A law may also be impliedly repealed on account of disuse over an extended period of time. This is referred to as the ‘doctrine of desuetude’. A law is repealed by the application of this doctrine if two elements are established: (i) the law has not been in operation for a considerable period of time; and (ii) a contrary practice has evolved over time. The mere neglect of a law is insufficient to attract the doctrine.[4] While this principle has been recognised by courts, it has never been applied in India.

Appearance in Official Databases

India Code Portal

The India Code Portal is a digital repository for all Central, State and Union Territory laws and their subordinate legislation that are in force. However, the website has not been updated since 2020.

'Repealed Acts' page on the India Code Portal,

Website of the Legislative Department, Ministry of Law and Justice

The website of the Legislative Department of the Ministry of Law and Justice has a page documenting action taken by the Government to repeal redundant and obsolete laws in accordance with the recommendations of the Law Commission of India. It also contains the Repealing and Amending Acts routinely passed by the Parliament in order to effect repeals of several laws at a time.

It identifies action taken with respect to Report Nos. 248 to 251, although subsequent Reports have also recommended the repeal of laws.[5]

'Repeal of Redundant and Obsolete Laws' page on the website of the Legislative Department, Ministry of Law and Justice

Research that Engages with Repeal

Report of the Ramanujam Committee

The Ramanujam Committee, constituted by the Prime Minister’s Office in 2014, was tasked with the identification of laws that ought to be repealed on account of redundancy or obsolescence. The Committee submitted its report in 2015, and identified 1,741 laws for repeal, and 55 laws for repeal and re-enactment.

Old is Not Always Gold- A Case Study on Repealing Old Statutes[12]

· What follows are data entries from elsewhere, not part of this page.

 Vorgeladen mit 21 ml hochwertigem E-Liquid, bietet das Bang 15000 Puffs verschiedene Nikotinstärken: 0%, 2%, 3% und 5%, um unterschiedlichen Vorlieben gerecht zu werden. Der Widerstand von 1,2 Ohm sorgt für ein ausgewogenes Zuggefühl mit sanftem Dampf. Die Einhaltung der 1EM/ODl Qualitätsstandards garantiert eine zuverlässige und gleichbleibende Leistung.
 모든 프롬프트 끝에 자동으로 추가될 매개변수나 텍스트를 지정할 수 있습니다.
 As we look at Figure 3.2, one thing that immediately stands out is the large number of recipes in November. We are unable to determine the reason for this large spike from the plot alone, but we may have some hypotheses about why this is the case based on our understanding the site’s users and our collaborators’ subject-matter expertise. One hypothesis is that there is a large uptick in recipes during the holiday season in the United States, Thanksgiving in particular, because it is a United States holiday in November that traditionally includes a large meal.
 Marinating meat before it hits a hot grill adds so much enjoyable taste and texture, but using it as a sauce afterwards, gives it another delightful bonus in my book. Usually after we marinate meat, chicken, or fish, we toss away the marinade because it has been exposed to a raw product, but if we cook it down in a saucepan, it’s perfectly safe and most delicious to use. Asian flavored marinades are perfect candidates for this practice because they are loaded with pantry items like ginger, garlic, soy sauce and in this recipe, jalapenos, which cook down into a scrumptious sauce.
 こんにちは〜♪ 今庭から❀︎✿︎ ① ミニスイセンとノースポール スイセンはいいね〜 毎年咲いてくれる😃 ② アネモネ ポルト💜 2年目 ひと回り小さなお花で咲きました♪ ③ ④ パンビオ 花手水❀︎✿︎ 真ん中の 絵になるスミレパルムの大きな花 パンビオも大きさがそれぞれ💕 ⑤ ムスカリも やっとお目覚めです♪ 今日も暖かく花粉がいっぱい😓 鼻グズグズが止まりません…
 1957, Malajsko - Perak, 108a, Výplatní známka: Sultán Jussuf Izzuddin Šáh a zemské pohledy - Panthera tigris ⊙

The report, submitted to the NITI Aayog, identifies obsolete laws that remain to be repealed even after the enactment of the Repealing and Amending Act, 2015 and the Repealing and Amending (Second) Act, 2015 in pursuance of the Report of the Ramanujam Committee. It identifies over 750 laws on the Centre’s subjects that should be repealed. It also notes that State legislatures must repeal over 300 Central laws that govern State subjects specified in List II of the Schedule VII of the Constitution.

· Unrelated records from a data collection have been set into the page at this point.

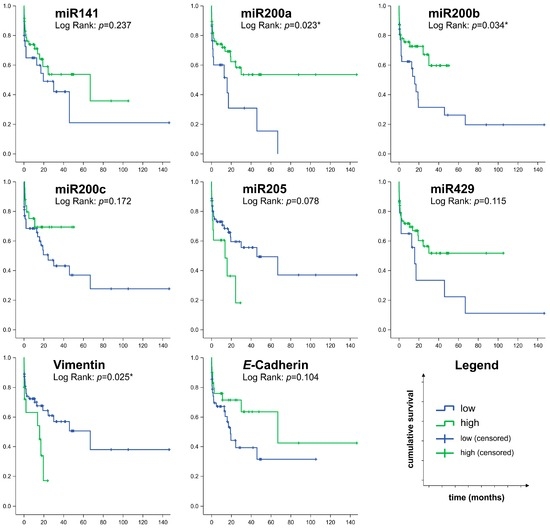 Survival analysis of biliary tract cancer (n = 78) cases with regard to expression levels of miR200 family members, miR205, E-cadherin and vimentin. The cut-off value for distinguishing cases with low or high expression of the respective miRNA or protein was determined by the receiver operating characteristic (ROC) calculation and Youden Index analysis.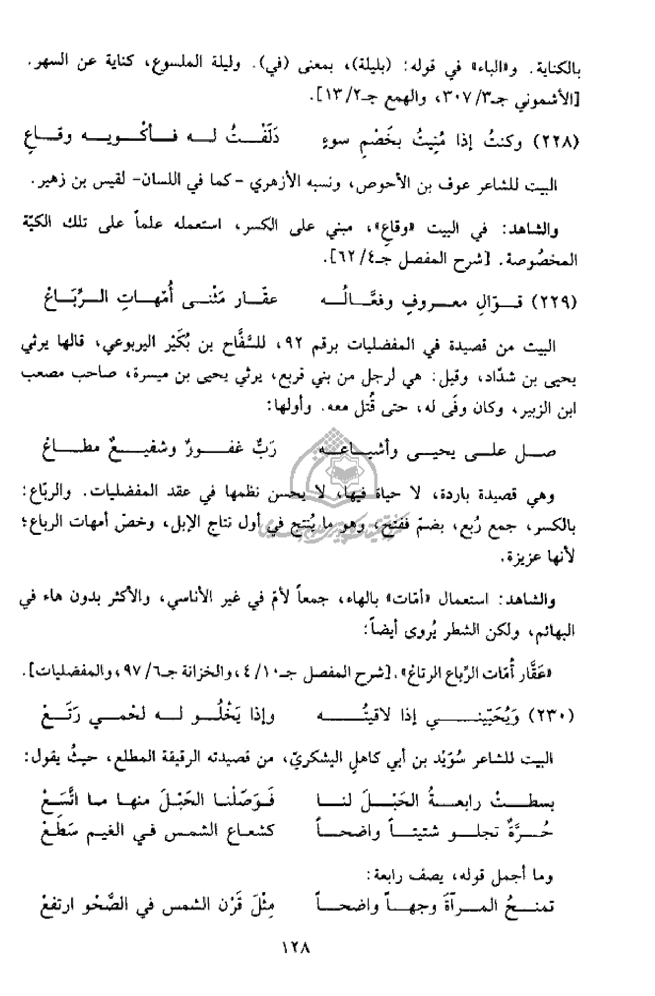 والشاهد: في البيت «وقاع»، مبني على الكسر، استعمله علما على تلك الكيّة المخصوصة. [شرح المفصل ج 4/ 62].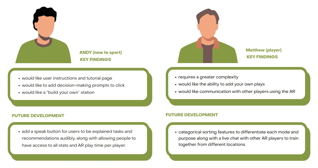 User testing was conducted with both a recreational player and an elite athlete to evaluate usability and perceived training value.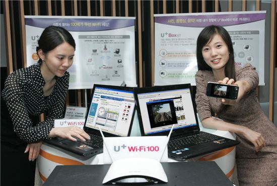 기존의 AP보다 속도품질과 커버리지, 보안, 관리 등이 대폭 강화된 802.11n 방식의 초고속 무선랜 ‘U+ Wi-Fi100’ 서비스는 지난 16일 처음 출시된 이래 하루 2200~4200여대의 신청이 들어와 26일 오전 9시 30분 집계 결과 3만대를 넘어섰다.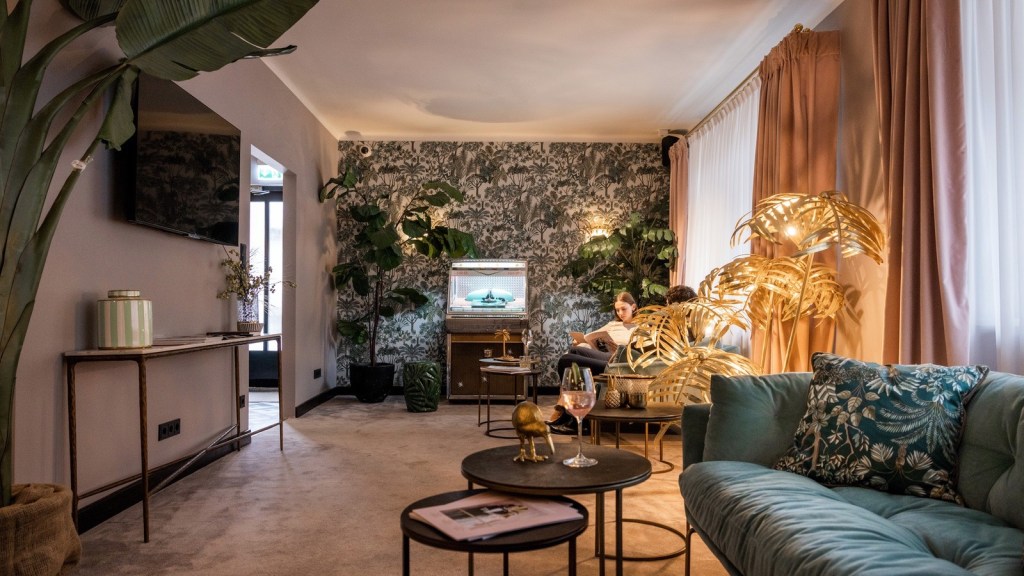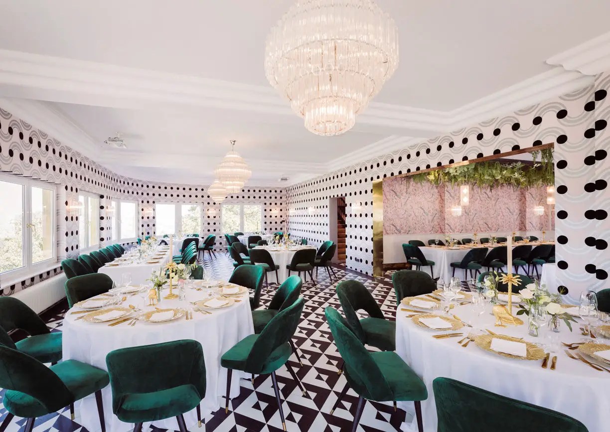 Das Fernblick steht in St. Corona am Wechsel und ist auch so ein Haus, das seine besten Zeiten hinter sich hatte. Seit dem Abbau der Skilifte 2011 ist St. Corona ein – wohlwollend formuliert – recht verschlafenes Örtchen. Zumindest war es das, bis Niederer und Wessely sich 2017 wieder einmal spontan verliebten. Beim ersten Blick auf das ehemalige Ausflugsgasthaus habe er an einen Scherz seines Partners gedacht, sagt Michael Niederer. Der 700 Jahre alte Lindenbaum und der Ausblick hätten dann aber dafür gesorgt, dass aus dem Gasthaus in zwei Jahren Bauzeit ein „totaler Happy Place“ entstand. Tatsächlich ist das als Hochzeits- und Tagungslocation konzipierte Haus – das während der Corona-Krise als „Buena Vista Weekend Club“ auch für exklusive Freundesrunden mit Cocktails, Dinner und Dj-Vibes öffnete – mit seinen 21 Zimmern ein schriller, schräger, exzentrischer, glamouröser und stilvoller Ort im Mid-Century-Schick, den es so in Österreich nur einmal gibt. Wer keine Freud an Chichi hat, ist hier falsch. Her regieren Samt und Plüsch, Bleikristall, Stofftapeten mit Paradiesvogel-Motiv und goldene Platzteller, es gibt eine spektakuläre Felsenbar, einen Pool, eine Außenbar mit Blick auf den Springbrunnen und einen hoteleigenen Concept Store. Jeden Sonntag von 12 bis 19 Uhr ist das Fernblick außerdem als gehobenes Gasthaus geöffnet, „damit verlieren wir eher Geld, aber es macht uns eine Riesenfreude, die Gäste sind glücklich, die Mitarbeiter auch, was willst du mehr.“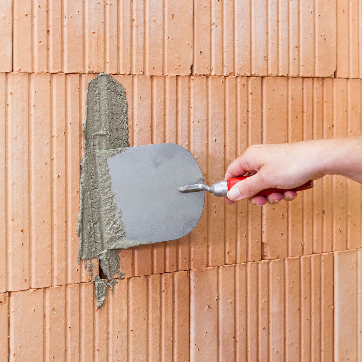 Avant de commencer à appliquer une couche de fond ou un enduit, il faut d'abord boucher les trous ou les joints de pierre ouverts avec de l'enduit.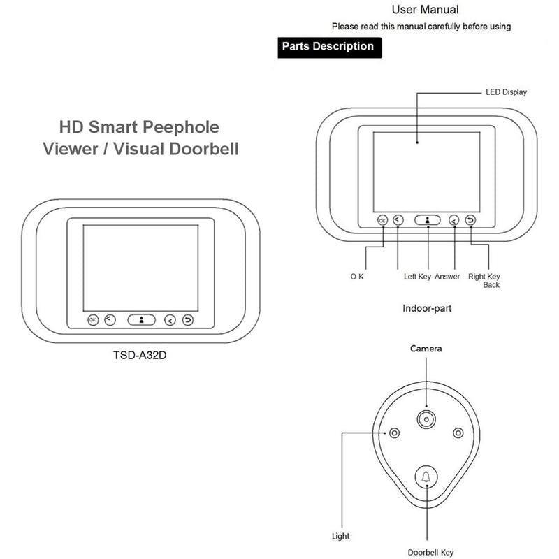 • 1 x 3.2 Inch Led Display 720P Hd Smart Peephole Viewer / Visual Doorbell Support Tf Card 32Gb Max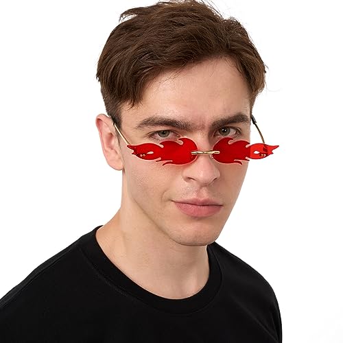 HOT ! Spooktacular Creations Red Flame Glasses, Rimless Red Fire Glasses, Halloween Fire Sunglasses for All, Flame Sunglasses for Halloween Costumes Devil Accessories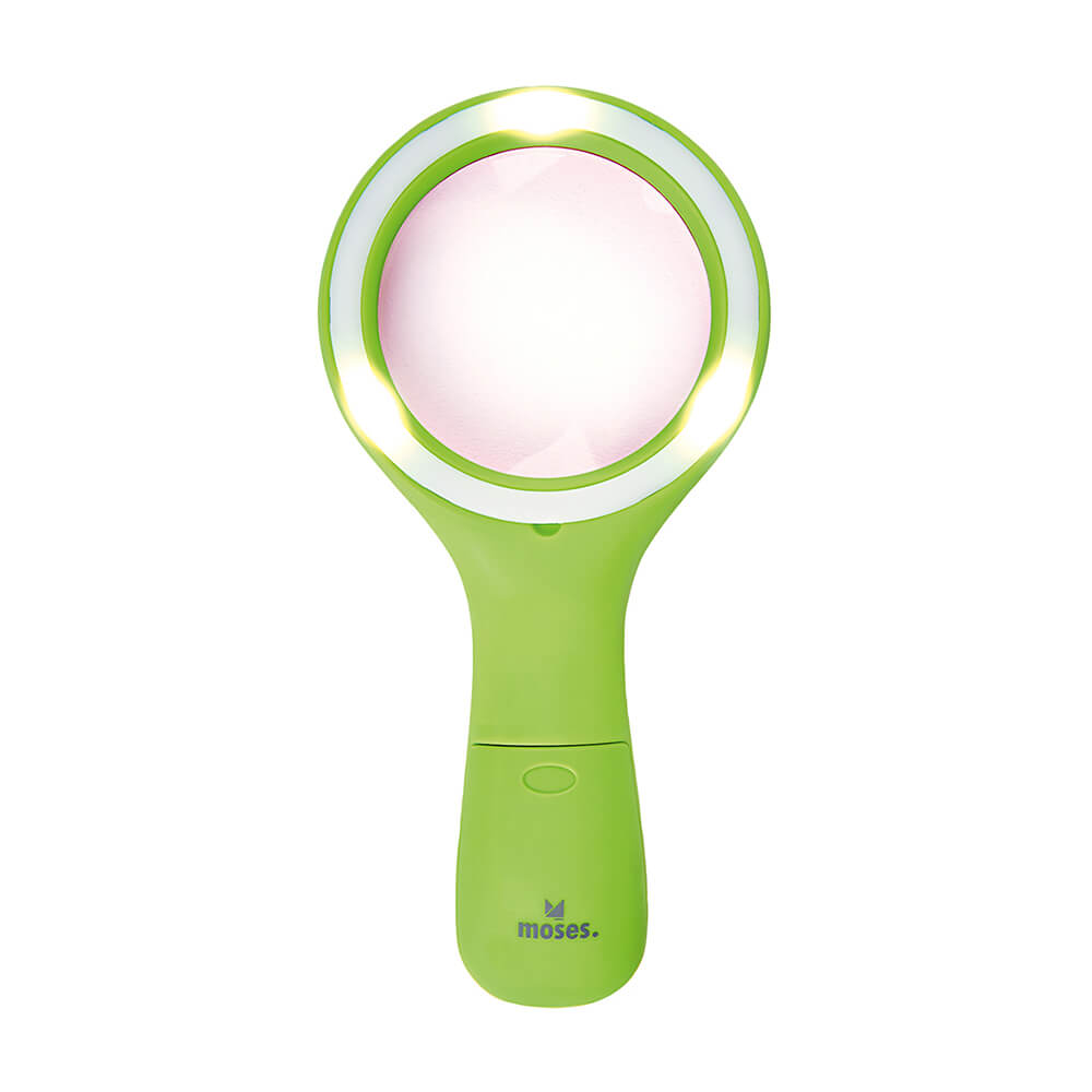 La Lupa con Luz de Moses, de la colección Bichos, es la herramienta ideal para los pequeños exploradores que quieren descubrir el mundo de la naturaleza. Esta lupa tiene una superficie de goma que la hace fácil de sujetar y resistente a los golpes. Con un aumento de 2x, los niños podrán observar en detalle insectos, hojas o flores. La luz LED integrada es perfecta para explorar en la oscuridad o para iluminar los objetos de forma más clara. Con sus cómodas medidas de 9 x 18.6 x 2.5 cm, es el accesorio perfecto para cualquier aventura al aire libre.

It also identifies the efforts of the Kerala Law Reforms Commission and the Rajasthan Laws Repealing Act, 2015 for the repeal of redundant and obsolete laws at the State level.

DAKSH- Single Source of Laws

This white paper emphasises the need to repeal redundant and obsolete legislations to create clarity regarding the laws in force. It notes that the over-legislation and the existence of overlapping and contradictory legislation makes it difficult to ascertain the extent to which the doctrine of implied repeal applies, and also creates difficulties in the dissemination of legal information.

Centre for Civil Society- Repeal of Law Tracker

The ‘Repeal of 100 Laws’ project was initiated to identify redundant and obsolete laws that ought to be repealed. Since then, a significant number of laws identified were repealed.

International Experiences


The Federal Register of Legislation is an official database that documents all Australian legislation. It allows the user to search for laws both in and not in force, with the latter including repealed laws.


Singapore Statutes Online is an official database that enumerates all Singaporean laws, and has a specific page for repealed and spent laws.[16]

United Kingdom

The United Kingdom’s Law Commission submits periodic proposals to the Government for the repeal of obsolete laws to modernise and simplify laws. It has resulted in the repeal of over 3,000 Acts.[6]

Data Challenges

Currently, there is no up-to-date, centralised official database that records all the repeals enacted by Central and State legislatures. The India Code Portal Repealed Acts page has not been updated since 2020, although the Repealing and Amending Act, 2023 was passed last year. Further, there is no consolidated database on State legislation, making it unclear whether certain State laws have been or ought to be repealed.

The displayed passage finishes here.